Education November 28, 2018
‘Involve US’ – A stinging, eloquent response to discriminatory guidelines in MBBS admissions
Doctors with Disabilities, a group that has been leading a sustained challenge against discriminatory practices in medicine, has sent a powerful response to the Medical Council of India (MCI) Board of Governors (BoG).
This is after the BoG’s public notice seeking suggestions on the MCI guidelines on admission of people with specified disabilities into the MBBS program.
The letter, drafted by leading disability rights leader Dr Satendra Singh, also bears the signatures of 75 doctors with disabilities from various parts of India, many of them practising in leading government hospitals.
The letter slams the MCI for neglecting the judgements passed by the Supreme Court as well as various state high courts upholding the rights of disabled candidates to pursue an MBBS degree while drafting the revised guidelines on admissions under the disability quota.
Calling the MCI stand “unfair, discriminatory and unlawful”, the letter also throws into the spotlight the council’s attitude in the matter.
On the very first day of start of the online application process for National Eligibility cum Entrance Test (NEET-UG) for.. 2019-20..we brought it to the notice of MCI BOG members, NTA, MoHFW that the process is faulty as the revised MCI guidelines were not updated and it kept the candidates with disabilities in dark. The revised guidelines were uploaded on 16 November only and they too are in draft process as the last date to submit the same is November 30, which happens to be the last date to fill the form for the mandatory NEET-UG test. This will deny all candidates with disabilities to apply in time. Moreover, if they apply under the disability quota and it turns out later that they are ineligible, they will lose out a chance to sit for the entrance test. – Doctors with Disabilities
The letter demands that the last date to fill the NEET-UG 2019-20 form be extended by a month after the revised guidelines are ratified and to give an opportunity to disabled candidates who registered before 30 November, a chance to reconsider their application.
The letter also makes specific suggestions relating to individual categories of disabilities.
- What MCI says – Persons with locomotor disability with over 80% disability allowed but after selection, functional ability to be determined with assistive devices.
INSTEAD: No upper limit in RPWD therefore, fixing an upper limit against Constitution and the Act.
- What the MCI says – Visually impaired equal to or more than 40% disability not eligible.
INSTEAD: New tools and technological innovations have opened doors for people with limited vision.
- What the MCI says – Deaf and Hard of Hearing: equal to or more than 40% disability not eligible.

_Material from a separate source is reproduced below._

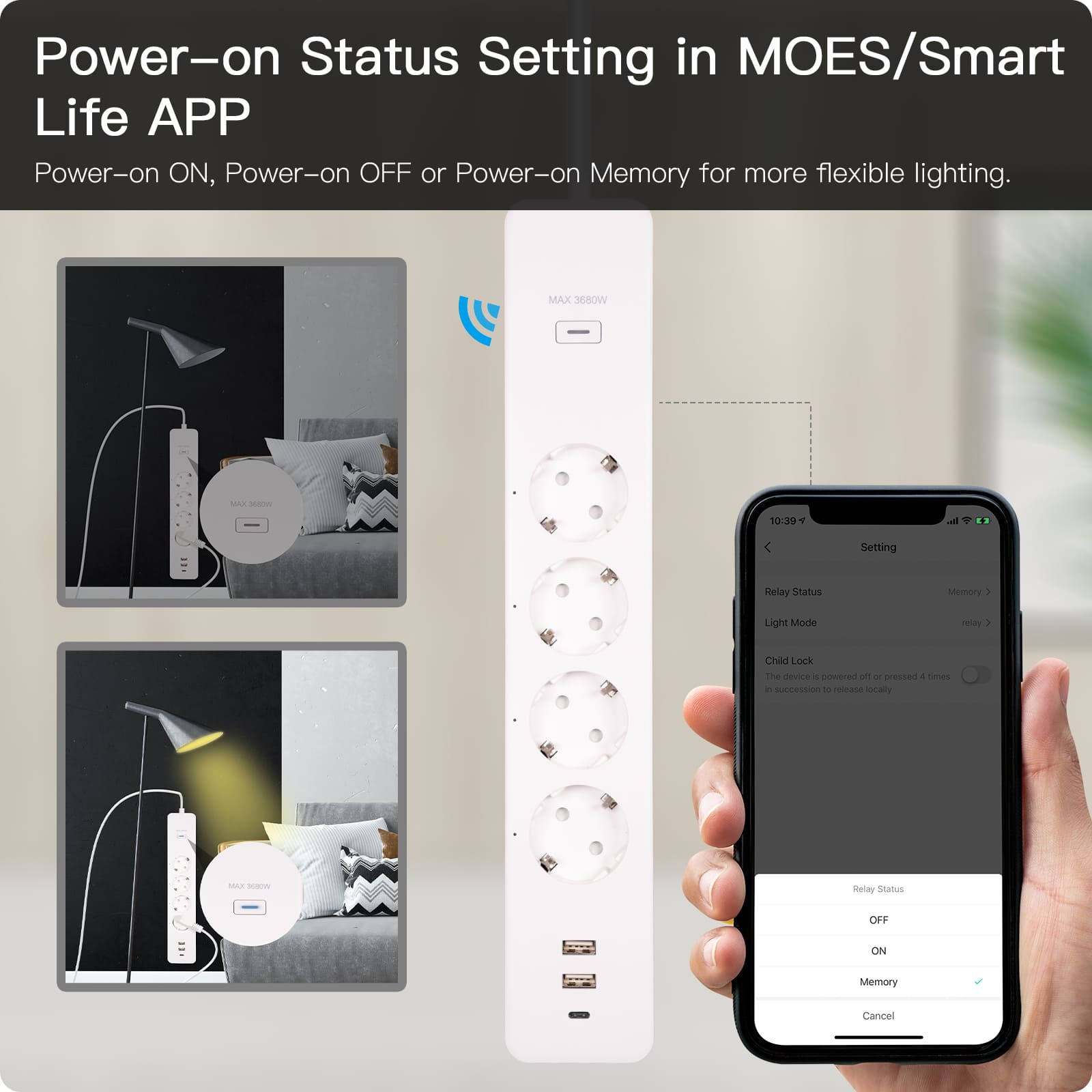 MOES WiFi Smart Power Strip with Surge Protection & Energy Monitoring

INSTEAD: Instant access to auditory information in classrooms and clinical and surgical settings are now available. Also, real time captioning, smart phones and tablets, remote interpreters through video relay services, and digital stethoscopes can access and monitor data.
- What the MCI says – Chronic neurological conditions: More than 80% not eligible.

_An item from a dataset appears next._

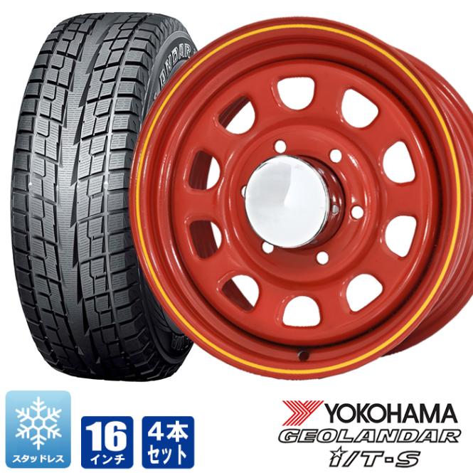 200系ハイエース スタッドレス タイヤ 4本セット デイトナ 16インチ レッド ジオランダー I/T-S G073 215/65R16 98Q DAYTONA タイヤホイールセット
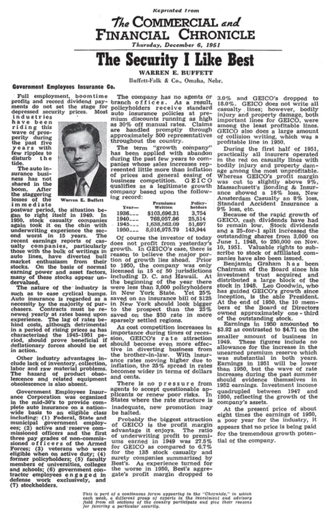 🔝 Лучшая инвестиция Грэма и Баффета. Часть 1/3. «В 1948 году мы инвестировали в GEICO, и с тех пор мы казались себе очень умными людьми». Бенджамин Грэм, 1976 г. Бекки Квик (CNBC): «Если бы вы могли оставить себе одну компанию, которой владеет Berkshire, будь то дочерняя компания, полностью принадлежащая Berkshire, или компания, в которой Berkshire владеет обыкновенными акциями, какую бы вы оставили и почему?» Уоррен Баффет: «Я бы оставил GEICO. Это началось 62 года назад, и это изменило мою жизнь. Это также замечательная компания. Я бы оставил и то, и другое, но если бы я не пришёл в GEICO, когда мне было 20 лет, и если бы один парень не объяснил мне, что такое страховой бизнес, моя жизнь была бы совсем другой. Так что я просто должен — я должен выбрать GEICO». - Интервью CNBC 13 марта 2013 г. Лео и Лилиан Гудвин основали GEICO (Government Employees Insurance Company – страховая компания для государственных служащих) в 1936 году. GEICO занималась автострахованием и придерживалась

INSTEAD: SC allowed Haryana student with over 80% chronic neurological disability to get admission.
- What the MCI says – Disability due to blood disorders: More than 80% not eligible.
INSTEAD: No upper cap in RPWD.
The letter also cites the specific instance of a student with muscular dystrophy Rohit Kumar, who was denied admission into GMC Chandigarh because he is a wheelchair user. This was challenged in the Punjab & Haryana High Court, which found him fit for admission.

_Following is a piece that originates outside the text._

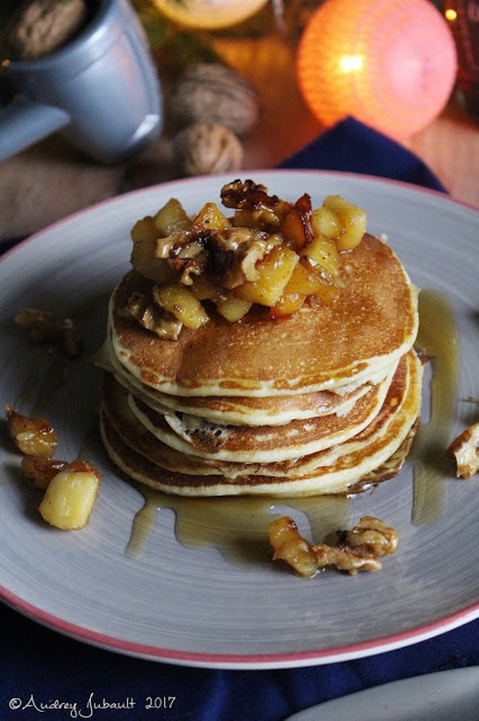 - Pour le dressage, empilez quelques pancakes, ajoutez le mélange pommes et noix et dégustez chaud ou tiède.

Here too the letter cites the instance of Ashutosh Purswani , a low vision candidate from Gujarat whose right to pursue MBBS was upheld.
A girl with 70% hearing was admitted to a Delhi college as was another student whose admission was upheld by the SC.
Above all the Doctors with Disabilities have one simple eloquent request – “Involve Us.” It asks that doctors with disabilities, given their experience coping with a disability, be involved in policy decisions, in an effort to spare students the stress and expense of unnecessary litigations.